*Task to carry out*
Your output should be the lines below from the one holding "义薄云天的关云长关公满背纹身" through the one holding "8月15日,時近正午,烈日炎", transcribed exactly, with no pictures.
### Dataset entries ###
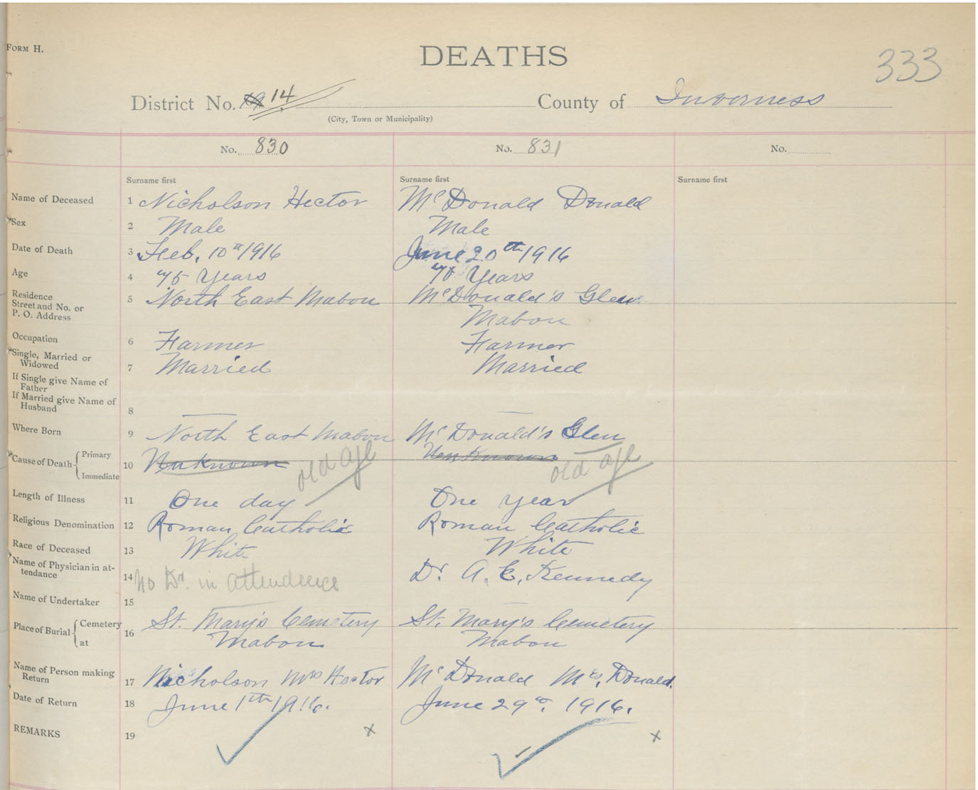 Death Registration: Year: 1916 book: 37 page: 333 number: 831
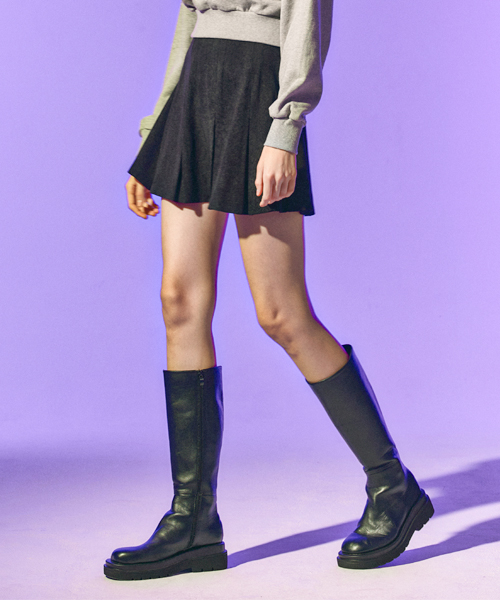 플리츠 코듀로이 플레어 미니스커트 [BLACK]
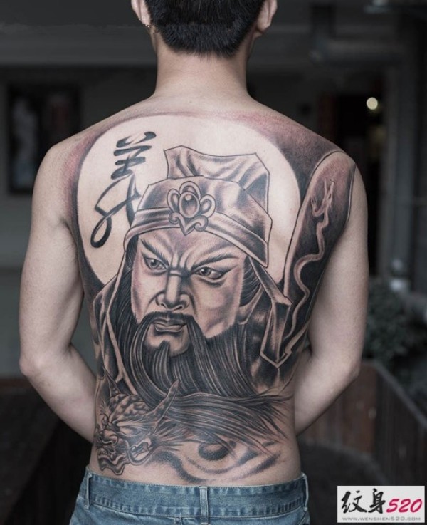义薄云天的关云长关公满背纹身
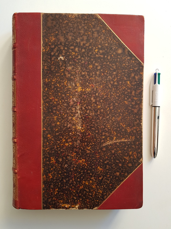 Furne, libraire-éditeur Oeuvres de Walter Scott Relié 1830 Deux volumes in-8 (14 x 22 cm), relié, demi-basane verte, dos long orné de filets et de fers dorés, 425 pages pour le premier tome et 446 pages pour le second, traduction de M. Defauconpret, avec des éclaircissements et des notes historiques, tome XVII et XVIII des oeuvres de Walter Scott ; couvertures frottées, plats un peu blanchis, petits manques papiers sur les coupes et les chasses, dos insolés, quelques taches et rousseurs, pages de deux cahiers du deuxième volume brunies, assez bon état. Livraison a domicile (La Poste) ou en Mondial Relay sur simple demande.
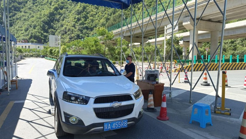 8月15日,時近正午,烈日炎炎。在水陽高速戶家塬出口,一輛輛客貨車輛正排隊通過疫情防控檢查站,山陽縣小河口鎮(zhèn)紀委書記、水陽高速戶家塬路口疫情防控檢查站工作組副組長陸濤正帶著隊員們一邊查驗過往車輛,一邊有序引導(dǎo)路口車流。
###
### Dataset entries ###
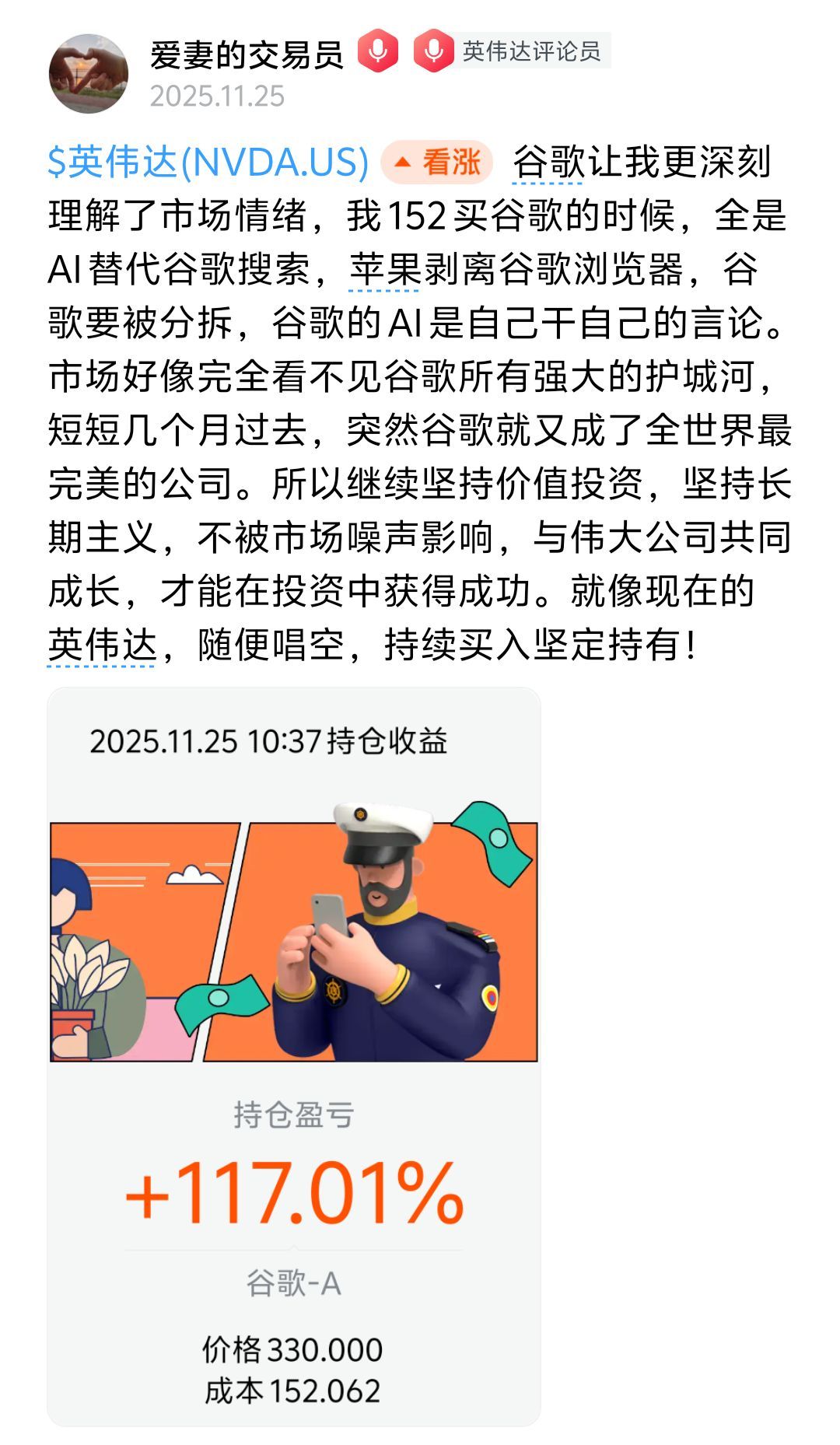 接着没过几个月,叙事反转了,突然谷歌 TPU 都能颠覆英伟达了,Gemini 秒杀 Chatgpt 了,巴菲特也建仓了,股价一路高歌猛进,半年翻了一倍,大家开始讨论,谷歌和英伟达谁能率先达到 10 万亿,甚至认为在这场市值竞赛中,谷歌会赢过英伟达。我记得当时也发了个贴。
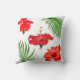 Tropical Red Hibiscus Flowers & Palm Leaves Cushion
###
*Task solution*
义薄云天的关云长关公满背纹身
 Furne, libraire-éditeur Oeuvres de Walter Scott Relié 1830 Deux volumes in-8 (14 x 22 cm), relié, demi-basane verte, dos long orné de filets et de fers dorés, 425 pages pour le premier tome et 446 pages pour le second, traduction de M. Defauconpret, avec des éclaircissements et des notes historiques, tome XVII et XVIII des oeuvres de Walter Scott ; couvertures frottées, plats un peu blanchis, petits manques papiers sur les coupes et les chasses, dos insolés, quelques taches et rousseurs, pages de deux cahiers du deuxième volume brunies, assez bon état. Livraison a domicile (La Poste) ou en Mondial Relay sur simple demande.
 8月15日,時近正午,烈日炎炎。在水陽高速戶家塬出口,一輛輛客貨車輛正排隊通過疫情防控檢查站,山陽縣小河口鎮(zhèn)紀委書記、水陽高速戶家塬路口疫情防控檢查站工作組副組長陸濤正帶著隊員們一邊查驗過往車輛,一邊有序引導(dǎo)路口車流。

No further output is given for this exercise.